とはいうものの、ルシアン・シンボリストなんていう言葉が出てくると、平静ではいられない。象徴主義はロシアへ行って、さてどんな発展を遂げたのであろうか。これについてはまったく知るところがないが、それだけに探求心をそそる。
まあその楽しみは先においておこう。
二葉亭が本稿で論じているのはメレシコーフスキーである。昨今ではメレシュコフスキーと表記されることが多いようだ。
「メレシコーフスキーが唱え出したシムボリズムと云うのは、氏にとっては新宗教なので、霊肉一致、換言すればクリスチャニティーとヒーズンとの一致──そこに氏独特の絶対境を見出さんとするのです」と二葉亭は書いている。

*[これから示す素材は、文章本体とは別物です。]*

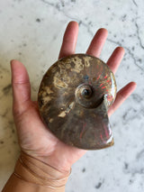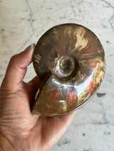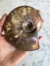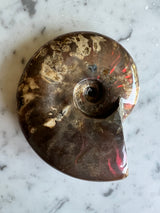 This Ammonite is polished showing off vibrant red and orange colors that are 100% natural. These are truly one of nature's many magical gifts.
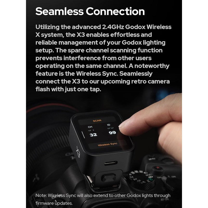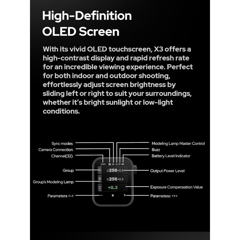 - High-Definition OLED Screen: Experience unparalleled clarity with the GODOX X3L FLASH TRIGGER's state-of-the-art OLED touchscreen. Engineered for an immersive viewing experience, its high-contrast display ensures vibrant visuals and swift refresh rates.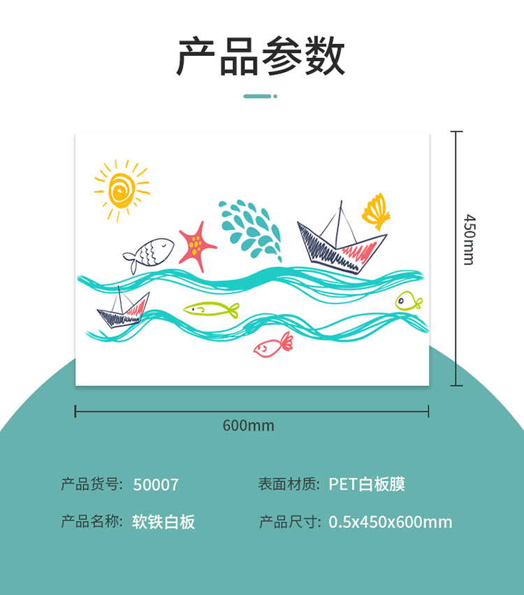 商品名称:得力50007软铁白板600*450*0.5mm(带胶)(白色)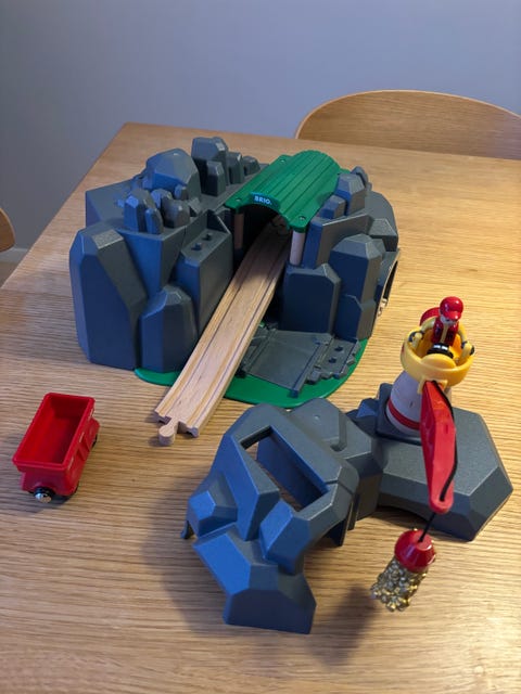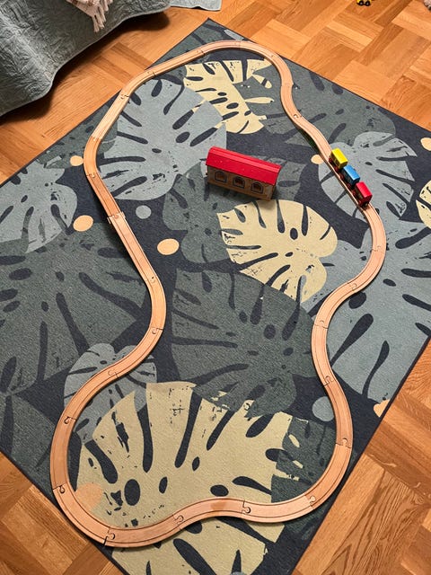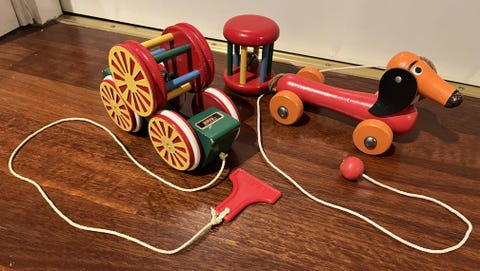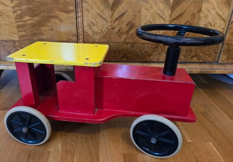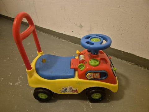 Blå leksaksbil med ratt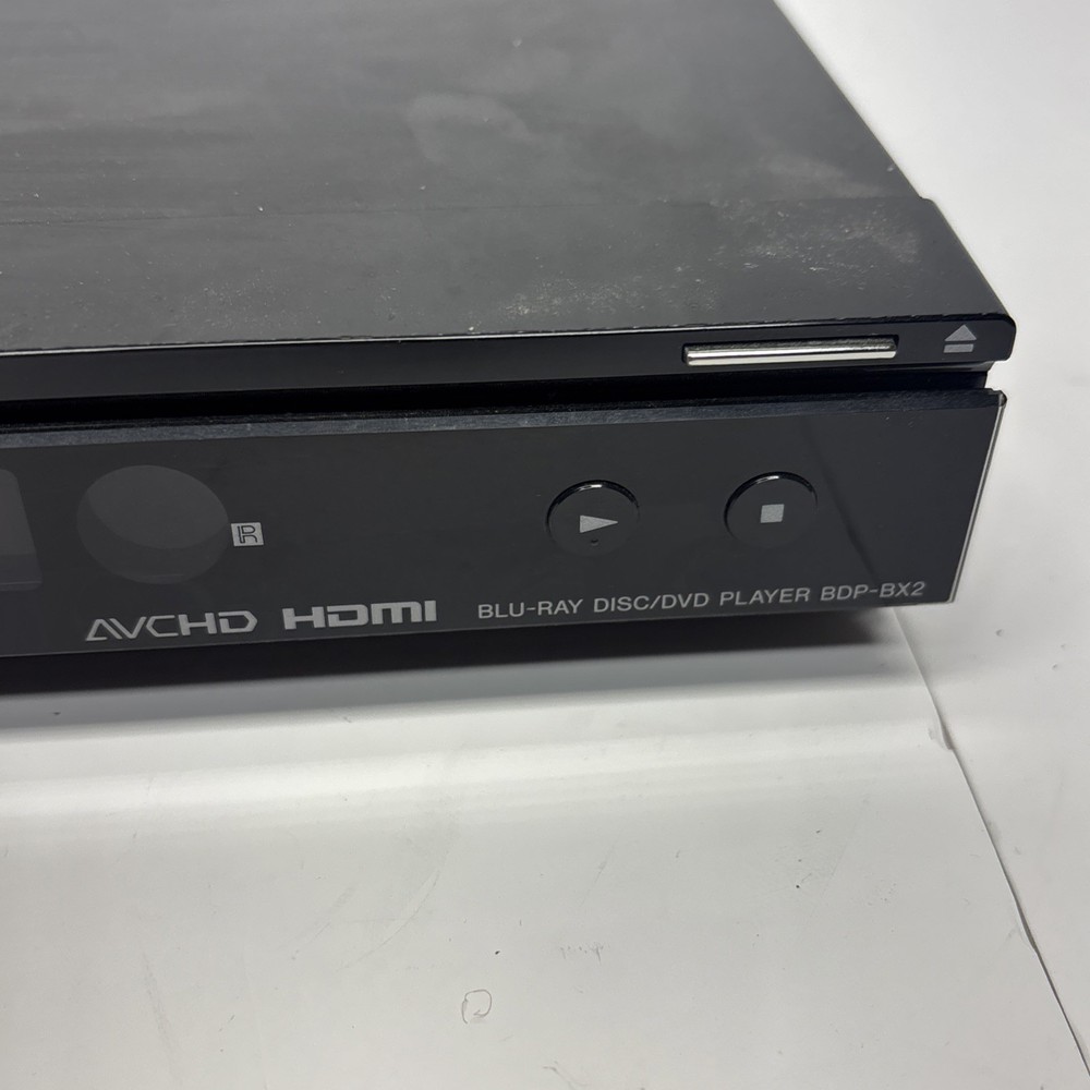 The SONY Blu-Ray Disc/DVD Player BDP-BX2 is a reliable and high-quality DVD player that can also play Blu-ray discs. With HDMI connectivity, this player is easy to set up and use with modern TVs. The sleek black design and Sony brand ensure both performance and style. Although it does not come with a remote, basic functions can still be easily accessed on the player itself. Perfect for enjoying your favorite movies and shows in high-definition quality.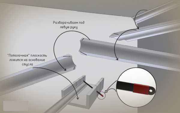 Как сделать угол потолочного плинтуса: расположение заготовки в стусле
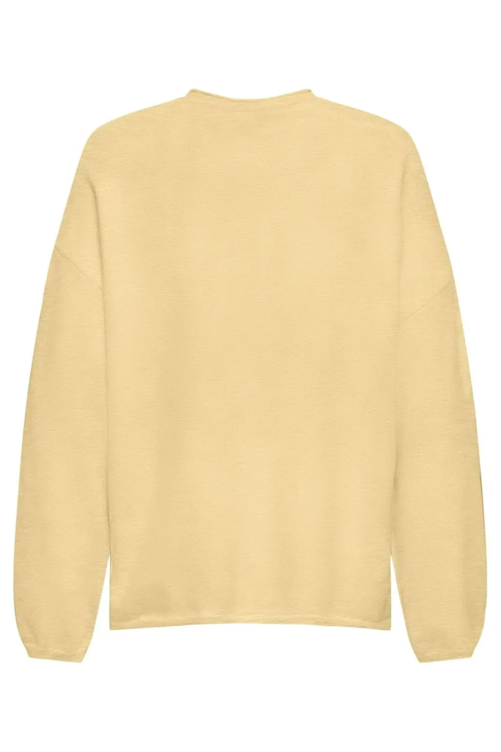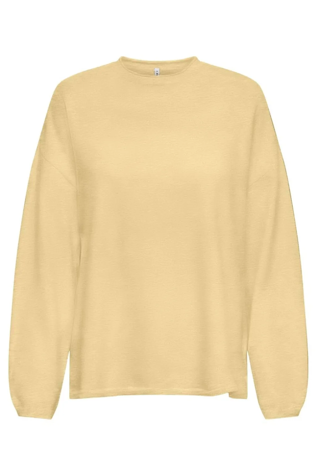 Striktrøje fra Only i en lys gul melange-nuance. Trøjen har en rund halsudskæring og lange ærmer med ribkanter.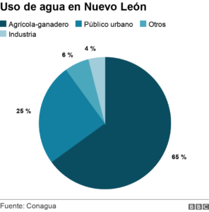 En entrevista con BBC Mundo, Antonio Hernández, pone como ejemplo que la acerera Ternium, la empresa con mayor concesión de agua en el estado, cuente con un volumen de líquido que supone “el 98% de lo que requeriría la población de Monterrey”.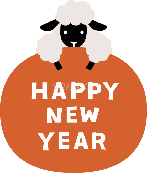 黒い羊が上から寄りかかった楕円の中にHAPPY NEW YEAR文字 ロゴ かわいい 2027 未年イラスト 無料 フリー素材です。JPGやPNG画像の他に、Adobe Illustrator AI形式のベクターデータでもフリーです。

はたしてこれは正しいか?
先へ行くと、「仏蘭西あたりのシムボリズムが、肉的であるに比して、露西亜のは非常に霊的であり、宗教的であります」とも書いている。これもはたして正しいか?
さらに先のほうに、こんなことが書いてある。
「霊肉の一致がシムボリズムの妙境ならば、低級ながら、却て世の俗人にシムボリストが多いようです。……低いながらに霊と肉とが一致した処があるようです。……西郷隆盛が評判のような人なら偉大なシムボリストといえましょう。……」
西郷隆盛が象徴派だというのは、ちょっと他所では見られない珍説だと思うが、それだけに二葉亭のシンボリズム理解は、失礼ながらあさっての方を向いているように思えてしかたがない。
最後に、二葉亭が「メレシコーフスキーの詩で最も世にもてはやされた」と紹介している What I was という詩だが、ネットで探しても見つからなかった。一世紀前にはもてはやされたものでも、今日ではだれも顧みないのだろうか。
* * *
あと余談だが、思い立って象徴詩の和訳をアップする試みを始めた。ボケ防止くらいにはなるかもしれない。
とりあえずヴァン・レルベルグのものから始める。というのも、彼は私のいちばん好きな詩人だからで、「好きなものから始めろ」という古人の言に従ってみた。それと、日本ではあまり紹介されていないというのも理由としてある。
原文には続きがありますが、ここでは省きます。